The sad answer is: not so easily (yet). On computers, some languages are more equal than others. ASCII simply does not contain all the characters necessary. There are no Cyrillic letters, no Hiragana syllabics, no Chinese ideographs. You cannot even write correct Polish with its accentuated Latin letters. Let alone facilities for Arabic's contextual joining and reverse writing direction.

Of course, you could go and transliterate everything in ASCII but chances are that the results will look somewhere between ugly and unreadable and that you will create ambiguities: the Polish accented c might show up as one of c (flat ASCII, accent-stripped) c' (postfixed modifier) 'c (prefixed accent) cx (digraph) c\b' (backspace-overstrike) \'c (TeX notation) &cacute; (SGML entity) and an ASCII c' can stand for a Polish accented c or a Serbian tshe or a c followed by an apostrophe and many other things. That's why we need a standard to describe the Polish c' in its most accurate form, with a unique and unambiguous encoding.

Extending ASCII: the charset chaos

Computer history has produced dozens of competing ASCII extensions like the Russian KOI-8, the Japanese JIS X 0201, the European Teletex charset ISO 6937, the European single-byte charset series ISO 8859 and manufacturers' code pages. All of them solved some of ASCII's shortcomings and reduced the problem of writing non-English text to outputting the right numbers. But none of them comprehensively tried to cover all scripts. And these ASCII extensions are so incompatible with each other that you simply cannot expect the mere number sequence =FA=C4=D2=C1=D7=D3=D4=D7=D5=CA=20=CD=C9=D2=21 to be recognized as the Russian "Hello world!" on every computer you send it to. Even in Russia it will be misinterpreted by many systems as something else.

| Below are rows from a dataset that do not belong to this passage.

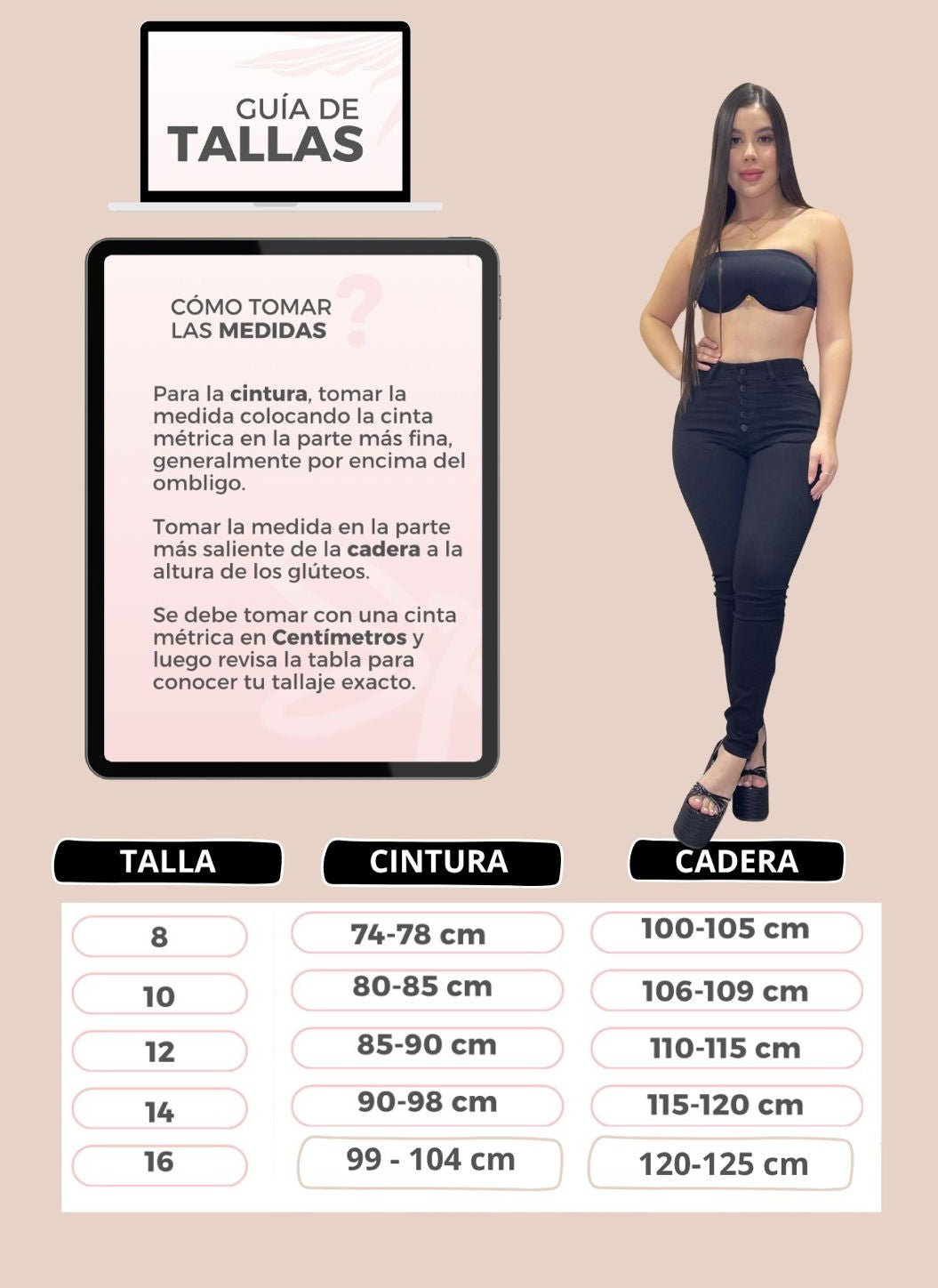 👖 Es una horma ajustada tipo skinny, que se adapta desde la cintura hasta los tobillos.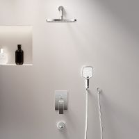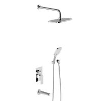 Душевая система Gala обладает мягкими геометричными формами которые идеально впишутся в современную ванную комнату. Простая и минималистичная на первый взгляд она чрезвычайно функциональна и удовлетворит даже самого искушенного пользователя. А полностью скрытые коммуникации освободят дополнительное пространство для реализации самых смелых дизайнерских идей. Настоящее SPA прямо у вас дома: увеличенный размер тропической лейки с регулируемым углом наклона и 3 режима ручного душа сделают ваши ежедневные ритуалы незабываемыми. Простота и минимализм во всем: переключайте потоки воды между ручной тропической лейкой и изливом плавным поворотом дивертора. Инновационное покрытие High Gloss гарантирует чрезвычайную прочность душевой системы надежно защищая хромовую поверхность от механических повреждений коррозии и потери цвета. ""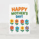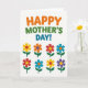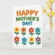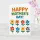 This card features a bright greeting on a white background, with rounded letters across the top that feel like they’re smiling at you ❤️. The text is set in alternating warm orange, leafy green, and calm blue, arranged in a neat line along the upper portion. Beneath it, an even grid of eight simple flowers fills the center area, like a small bouquet lined up for a friendly celebration 🌼. Each flower has rounded petals in different colors—sunny yellow, orange, red, and blue—paired with contrasting circular centers that add a sweet, companionable charm. Slender green stems extend downward from each bloom, and two small leaves sit to either side, giving the layout a tidy, garden-like order. The repeated shapes create a steady rhythm, while the changing colors suggest different little “personalities,” as if each flower is offering a gentle nod of affection. The top greeting stays clearly separated from the floral grid, making the words easy to spot before your eyes drift down to the blooms. The eight flowers are arranged in two rows of four, each with a green stem and paired leaves beneath brightly colored petals.

Disambiguating charsets: charset announcing

Charset announcing techniques like the ISO 2022 escape sequences and the MIME charset label tried to remedy the misinterpretation risk but they bear their own problems: they are stateful encodings (the number =FA means different things depending on which charset we've switched into), they require string encapsulation instead of allowing the bare string exchange, they require a charset registration authority who can do its job too superficial or too slow and they allow most texts to be encoded in many different ways so that you had a hard time if you wanted to find all appearances of the Russian "Hello world!" in any of its possible encodings in a gigabyte of multilingual text even if you have a fault-tolerant pattern matcher like agrep that allows some orthographic errors. If you want to implement ISO 2022 or MIME charset switching well, you will end up implementing some internal one-code mapping, so you might just as well use the most prominent universal code right away: Unicode.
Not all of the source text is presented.